╭─ Entries shown
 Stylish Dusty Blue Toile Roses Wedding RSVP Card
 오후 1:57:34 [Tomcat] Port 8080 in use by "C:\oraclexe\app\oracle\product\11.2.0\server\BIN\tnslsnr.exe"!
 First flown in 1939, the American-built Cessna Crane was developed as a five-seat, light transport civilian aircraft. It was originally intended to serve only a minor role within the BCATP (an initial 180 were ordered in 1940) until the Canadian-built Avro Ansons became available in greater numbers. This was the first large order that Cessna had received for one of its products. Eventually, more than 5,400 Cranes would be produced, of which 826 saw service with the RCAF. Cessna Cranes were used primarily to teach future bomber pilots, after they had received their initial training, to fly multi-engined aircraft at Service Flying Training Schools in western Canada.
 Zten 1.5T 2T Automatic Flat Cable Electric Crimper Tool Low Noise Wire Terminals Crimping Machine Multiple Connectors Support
╰─
╭─ Entries shown
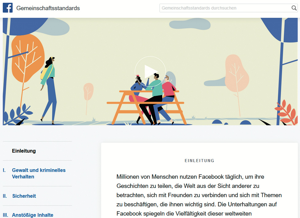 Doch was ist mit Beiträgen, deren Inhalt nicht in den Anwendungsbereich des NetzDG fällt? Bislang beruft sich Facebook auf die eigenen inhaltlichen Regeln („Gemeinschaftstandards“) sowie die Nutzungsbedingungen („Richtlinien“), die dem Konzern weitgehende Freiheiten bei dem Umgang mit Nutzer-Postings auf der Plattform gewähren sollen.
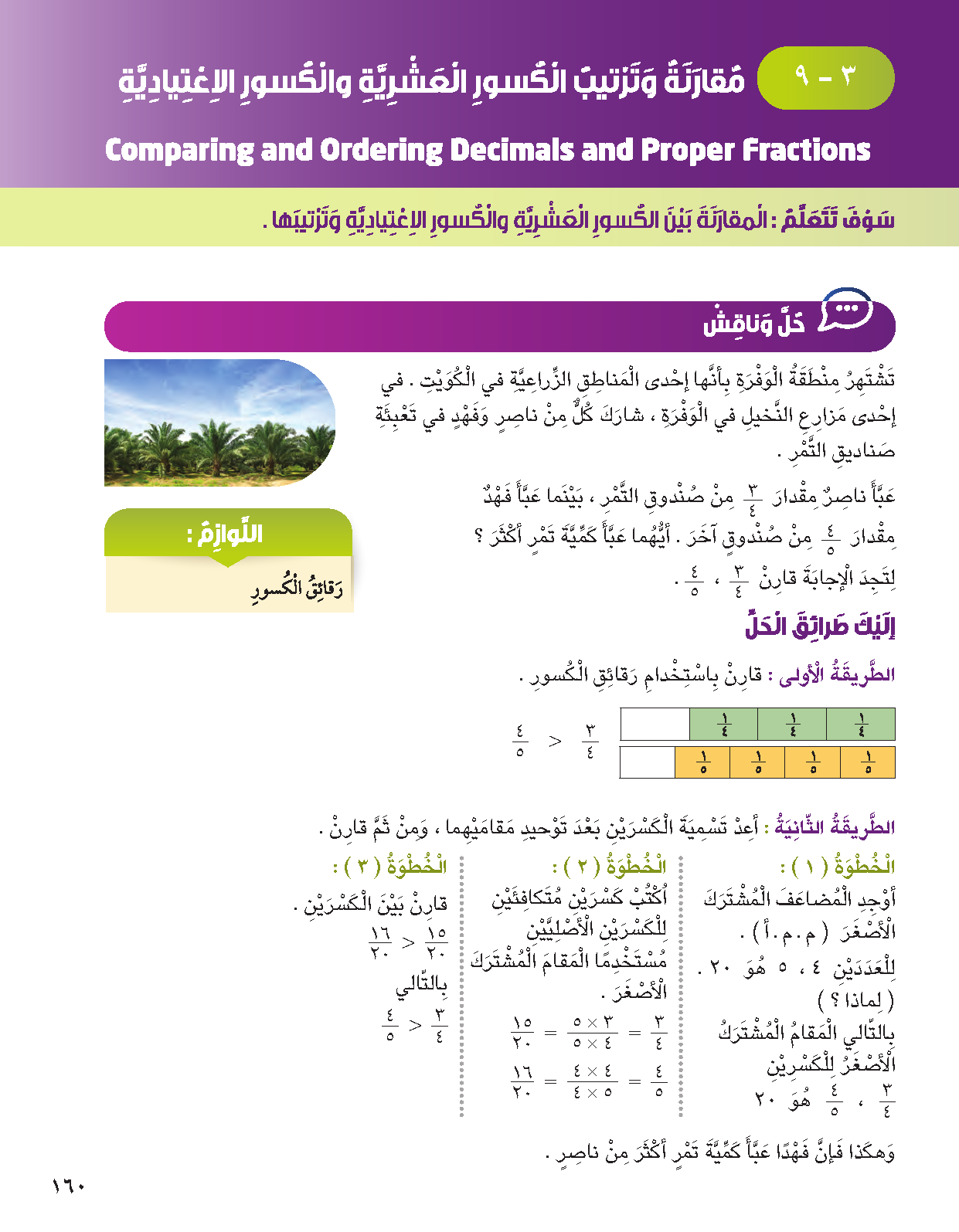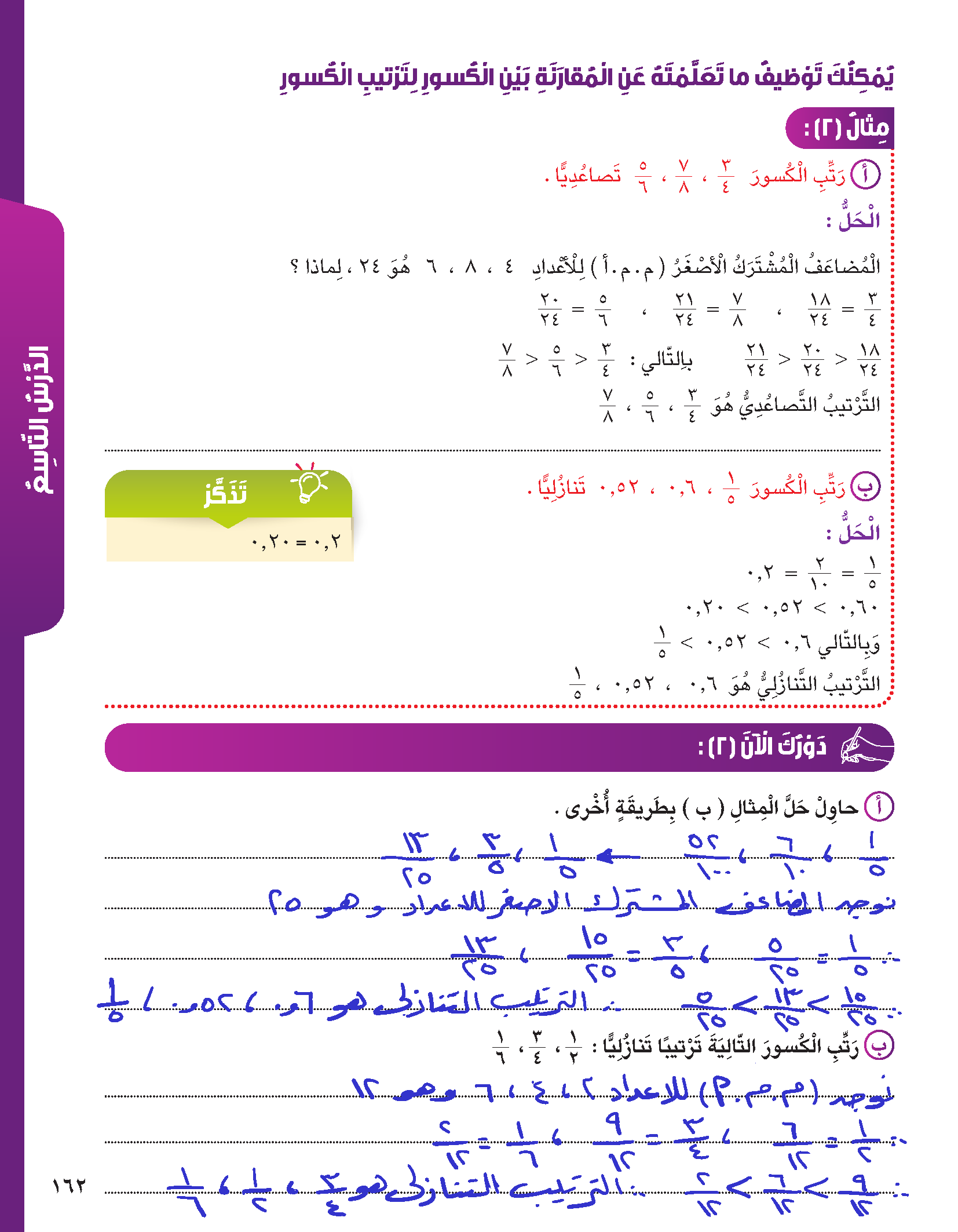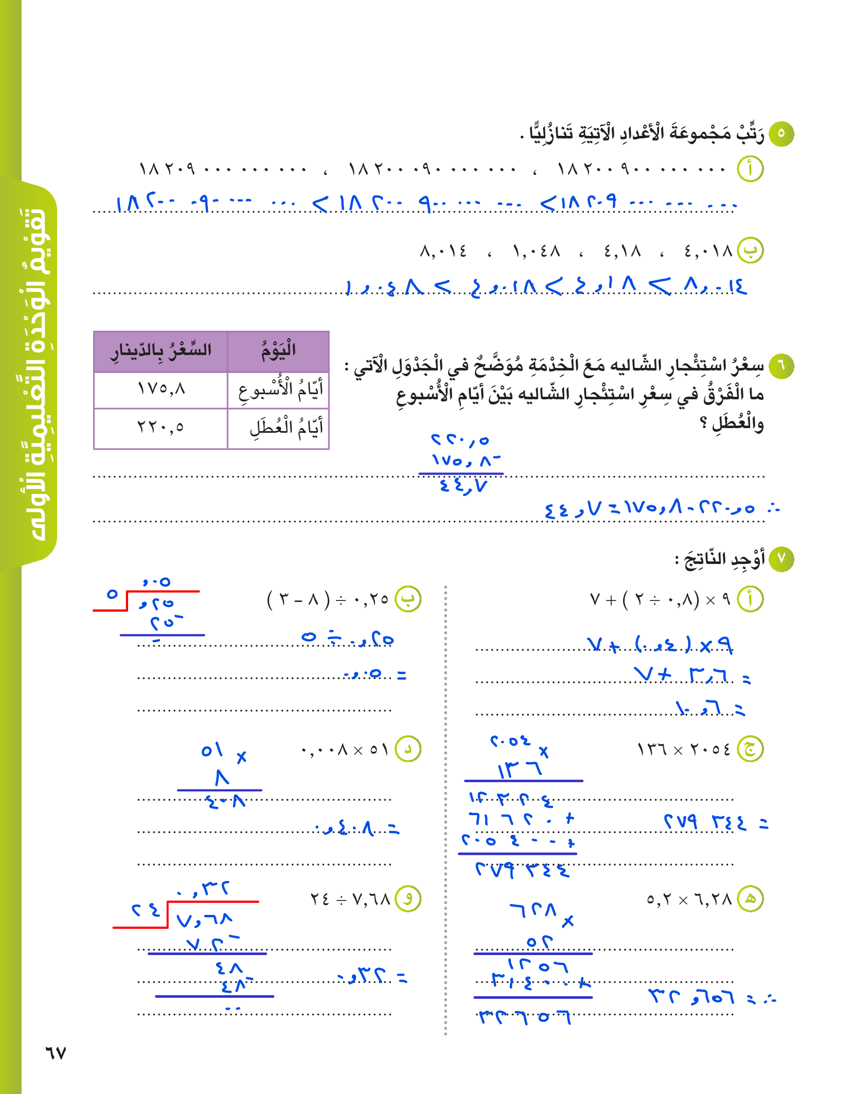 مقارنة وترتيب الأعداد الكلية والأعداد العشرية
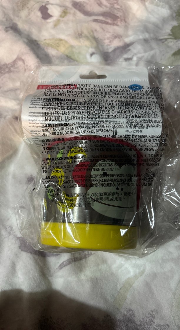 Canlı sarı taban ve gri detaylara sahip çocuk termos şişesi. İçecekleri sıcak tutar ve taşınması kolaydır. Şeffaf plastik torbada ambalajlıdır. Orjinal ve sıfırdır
╰─
◆ Task prompt
Beginning at the line above that contains "Stylish Dusty Blue", return each line exactly through the line that contains "Zten 1.5T 2T", and no others.

◆ Solution below
 Stylish Dusty Blue Toile Roses Wedding RSVP Card
 오후 1:57:34 [Tomcat] Port 8080 in use by "C:\oraclexe\app\oracle\product\11.2.0\server\BIN\tnslsnr.exe"!
 First flown in 1939, the American-built Cessna Crane was developed as a five-seat, light transport civilian aircraft. It was originally intended to serve only a minor role within the BCATP (an initial 180 were ordered in 1940) until the Canadian-built Avro Ansons became available in greater numbers. This was the first large order that Cessna had received for one of its products. Eventually, more than 5,400 Cranes would be produced, of which 826 saw service with the RCAF. Cessna Cranes were used primarily to teach future bomber pilots, after they had received their initial training, to fly multi-engined aircraft at Service Flying Training Schools in western Canada.
 Zten 1.5T 2T Automatic Flat Cable Electric Crimper Tool Low Noise Wire Terminals Crimping Machine Multiple Connectors Support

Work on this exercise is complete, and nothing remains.